Split Lip Rayfield
From the blood-red heart of Kansas, Split Lip Rayfield is going stronger than ever.
It’s completely fair to call these guys legends. It’s been more than 20 years since they first mashed up their aggressive stew of acoustic bluegrass instrumentation, tight country vocals, fierce metal shred and in-your-face punk sensibilities. One observer said we all “owe them a huge debt for not only defining a sound, but stretching the possibilities of the acoustic music world. Fans of Flatt & Scruggs and Metallica could find a common tent to party under.”
So yeah, they virtually invented “thrashgrass.” But then they kept right on moving as their chops, songs and selves grew stronger from hard-won experience. Following the 2007 death of their beloved bandmate and founder Kirk Rundstrom, SLR reinvented itself by simply staying the course and continuing to playing hundreds of shows. And now, after five studio records and a handful of live recordings, Split Lip Rayfield has just released “On My Way.” (Release date January 1, 2017)

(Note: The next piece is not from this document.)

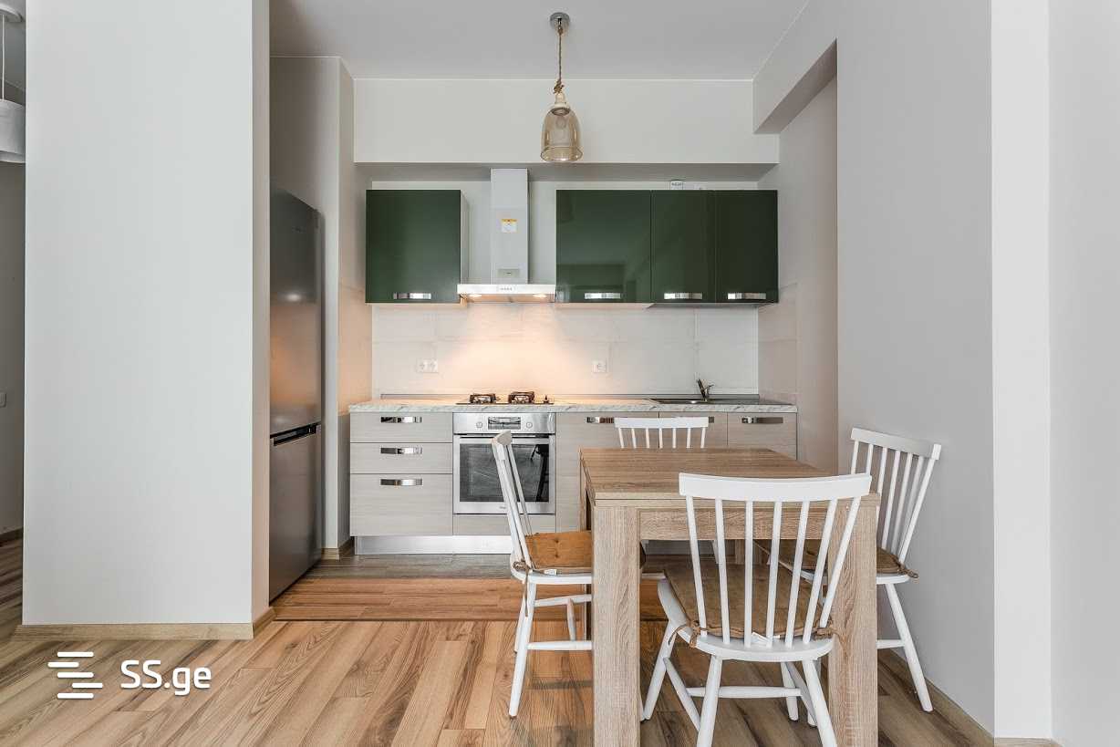 For rent a 2-room apartment in Saburtalo, on Givi Kartozia Street, in a newly built building of M-2, with parking and an isolated bedroom.

The new album highlights the powerful songwriting talents of banjo innovator Eric Mardis and mandolin renegade Wayne Gottstine, while bassist Jeff Eaton holds it all down with his hand-built one-string Stitchgiver.

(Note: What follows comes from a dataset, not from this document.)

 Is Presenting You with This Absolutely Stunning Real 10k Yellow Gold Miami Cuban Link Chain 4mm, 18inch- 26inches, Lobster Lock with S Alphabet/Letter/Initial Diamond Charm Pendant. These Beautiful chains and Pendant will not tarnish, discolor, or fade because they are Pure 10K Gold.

All of that old-school invention and energy is intact, and they still stomp the living hell out of a stage. But their songs keep getting better, and their sound is sneakier and smarter than ever. “Split Lip Rayfield is still the same band with the same ideals that we’ve had for years,” said Gottstine. “But we’re more diverse, sound-wise, than we have ever been before.”
Their fans know this: Split Lip Rayfield truly delivers. Every record is a revelation, and every concert is an unforgettable experience. Don’t miss these guys.

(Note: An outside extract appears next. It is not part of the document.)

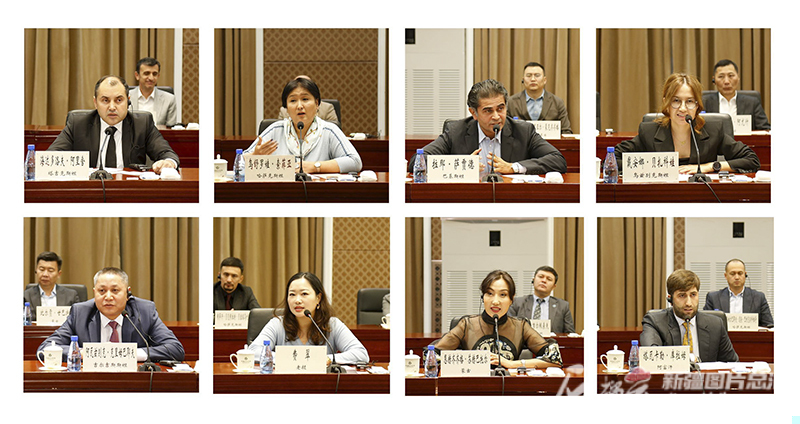 海達(dá)多洛夫·阿里舍、烏舒羅娃·索菲亞、拉那·薩賈德、戴安娜·貝扎科娃、阿瓦茲別克·克里姆巴耶夫、費(fèi)翠、恩赫齊齊格·蘇赫巴托爾、塔瓦卡勒·庫(kù)拉姆發(fā)言(從左至右,從上至下)。石榴云/新疆日?qǐng)?bào)記者 謝龍攝

Al Scorch grew up in Chicago, with its storied history of corrupt power at the top and righteous fighters and big dreamers at the bottom. From the town that gave the world characters like Studs Terkel, Upton Sinclair, and the anarchists in Bughouse Square, Scorch adds his voice to the choir with the enthusiasm and charisma of a Maxwell Street preacher. He eyes the prize of that ever-elusive promised land that’s worth scrapping for, wherever or whatever it may be. With a stentorian bullhorn of a voice, he exhorts, not with a holy book in his hand, but a banjo and guitar. He’s a messenger and a conduit, a believer that a soul-stirring song will march you forward.
A punk rock banjo-wielding John Prine or Billy Bragg, Al Scorch writes for the everyperson. Through his acrobatically poetic politics, hopeful tales of love lost (“Love After Death”), or cathartic takes on urban chaos (“City Lullaby”), he pens rowdy campfire stories, calls for action, and draws the epic from the ordinary. Celebrate, right a wrong, or find your path and go for it. It’s heavy shit, but so is life.
Tom “Soda” Gardocki spent years playing guitar in SoCal rockers Wax (go rewatch the credits of Mallrats; the band plays right after its pals Weezer) but more recently he’s devoted himself to more rustic purposes.
Either performing with his Large Band, his “Million Piece Band,” or solo with his 12-string banjo (like on the The South Congress Session bootleg, recently released by Hillgrass Bluebilly Records), Soda’s twangy voice hints ever-so-slightly at his punk past.